» Record extracts
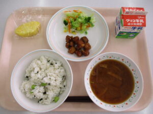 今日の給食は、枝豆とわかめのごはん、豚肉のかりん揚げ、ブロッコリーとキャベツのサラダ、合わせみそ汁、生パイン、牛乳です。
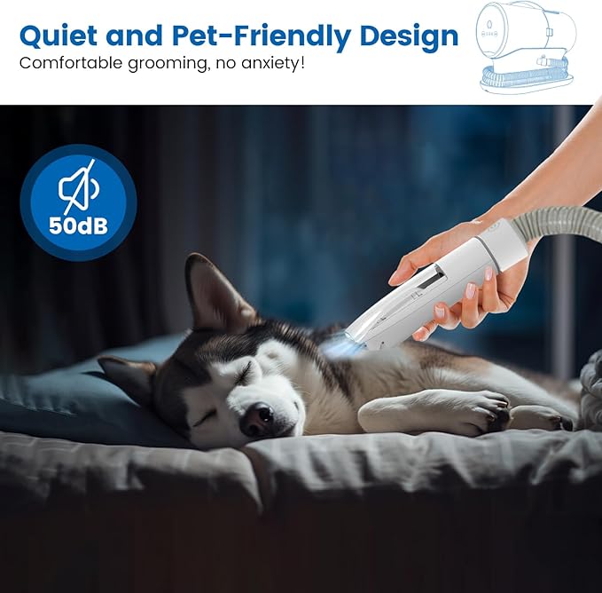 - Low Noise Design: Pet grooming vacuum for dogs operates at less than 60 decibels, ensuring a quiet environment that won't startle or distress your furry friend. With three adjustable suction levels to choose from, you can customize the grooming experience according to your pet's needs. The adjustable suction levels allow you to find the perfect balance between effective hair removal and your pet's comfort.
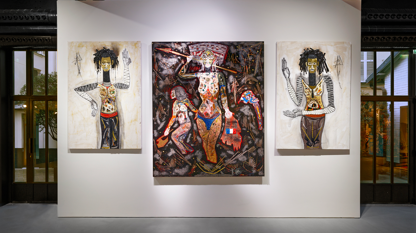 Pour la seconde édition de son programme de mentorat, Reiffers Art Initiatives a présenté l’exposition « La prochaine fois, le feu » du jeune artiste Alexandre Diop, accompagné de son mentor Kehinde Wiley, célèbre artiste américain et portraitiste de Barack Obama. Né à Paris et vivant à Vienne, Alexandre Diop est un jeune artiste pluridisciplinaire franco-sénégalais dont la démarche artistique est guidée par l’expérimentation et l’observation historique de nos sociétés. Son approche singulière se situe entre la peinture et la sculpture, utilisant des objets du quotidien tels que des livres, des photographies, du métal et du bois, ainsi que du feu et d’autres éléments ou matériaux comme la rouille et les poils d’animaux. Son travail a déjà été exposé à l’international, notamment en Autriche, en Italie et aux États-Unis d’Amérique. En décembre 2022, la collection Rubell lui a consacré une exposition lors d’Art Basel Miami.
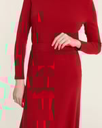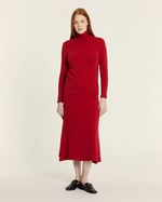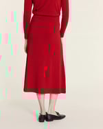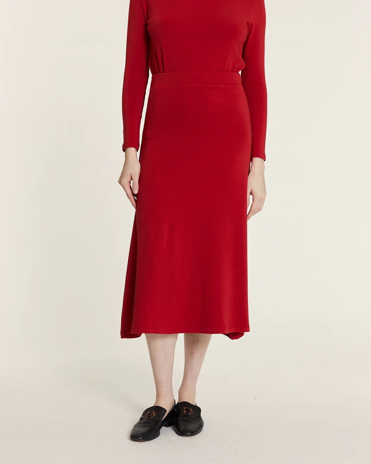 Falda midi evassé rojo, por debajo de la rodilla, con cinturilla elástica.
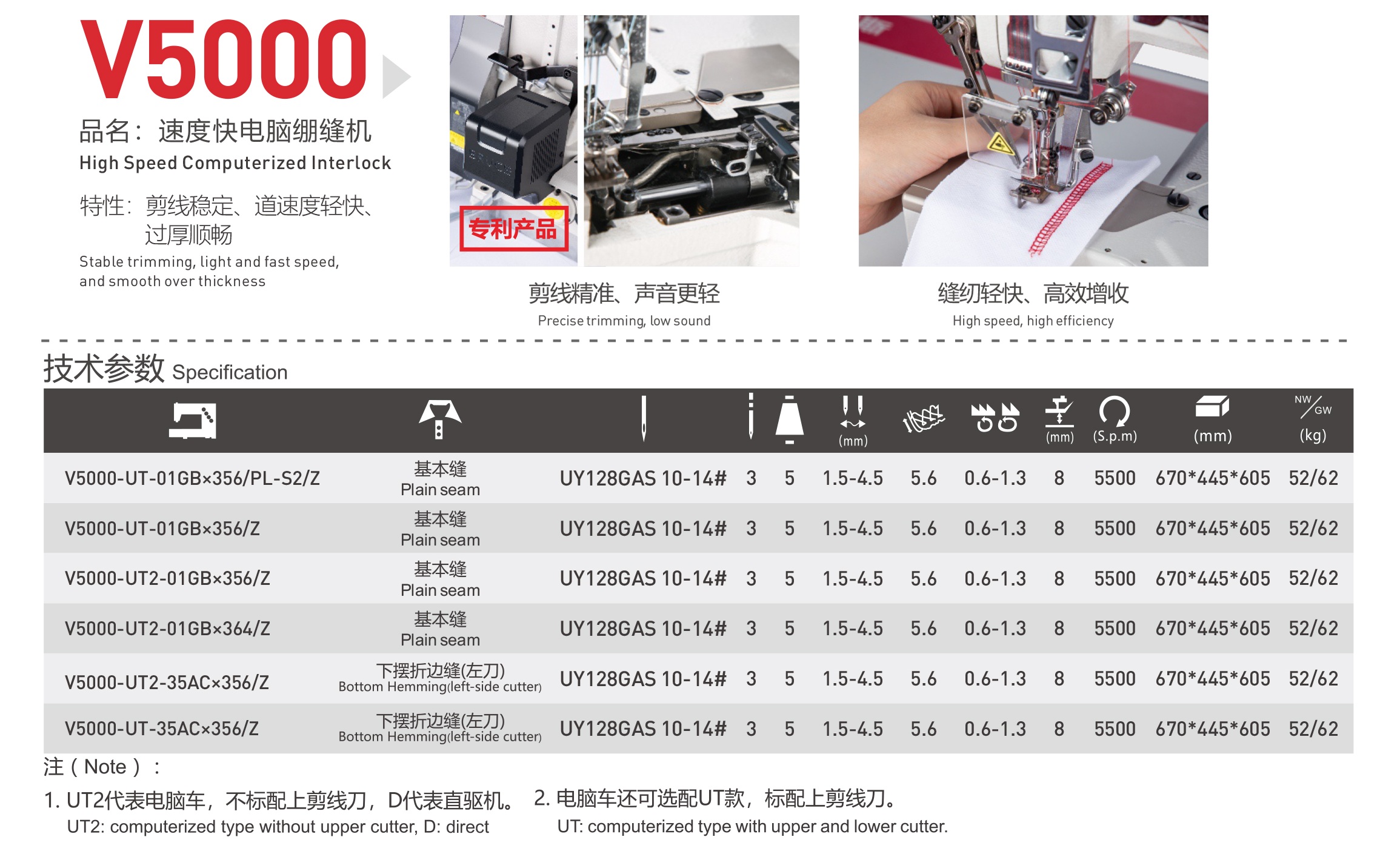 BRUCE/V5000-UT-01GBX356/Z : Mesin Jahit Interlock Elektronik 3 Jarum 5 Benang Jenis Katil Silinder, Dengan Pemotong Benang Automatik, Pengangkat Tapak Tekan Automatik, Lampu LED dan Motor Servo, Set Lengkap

» Assignment
Nothing but the lines from the one containing "Pour la seconde" through the last line of the data should appear in the answer, copied exactly, with pictures excluded.

» Result of the task
 Pour la seconde édition de son programme de mentorat, Reiffers Art Initiatives a présenté l’exposition « La prochaine fois, le feu » du jeune artiste Alexandre Diop, accompagné de son mentor Kehinde Wiley, célèbre artiste américain et portraitiste de Barack Obama. Né à Paris et vivant à Vienne, Alexandre Diop est un jeune artiste pluridisciplinaire franco-sénégalais dont la démarche artistique est guidée par l’expérimentation et l’observation historique de nos sociétés. Son approche singulière se situe entre la peinture et la sculpture, utilisant des objets du quotidien tels que des livres, des photographies, du métal et du bois, ainsi que du feu et d’autres éléments ou matériaux comme la rouille et les poils d’animaux. Son travail a déjà été exposé à l’international, notamment en Autriche, en Italie et aux États-Unis d’Amérique. En décembre 2022, la collection Rubell lui a consacré une exposition lors d’Art Basel Miami.
 Falda midi evassé rojo, por debajo de la rodilla, con cinturilla elástica.
 BRUCE/V5000-UT-01GBX356/Z : Mesin Jahit Interlock Elektronik 3 Jarum 5 Benang Jenis Katil Silinder, Dengan Pemotong Benang Automatik, Pengangkat Tapak Tekan Automatik, Lampu LED dan Motor Servo, Set Lengkap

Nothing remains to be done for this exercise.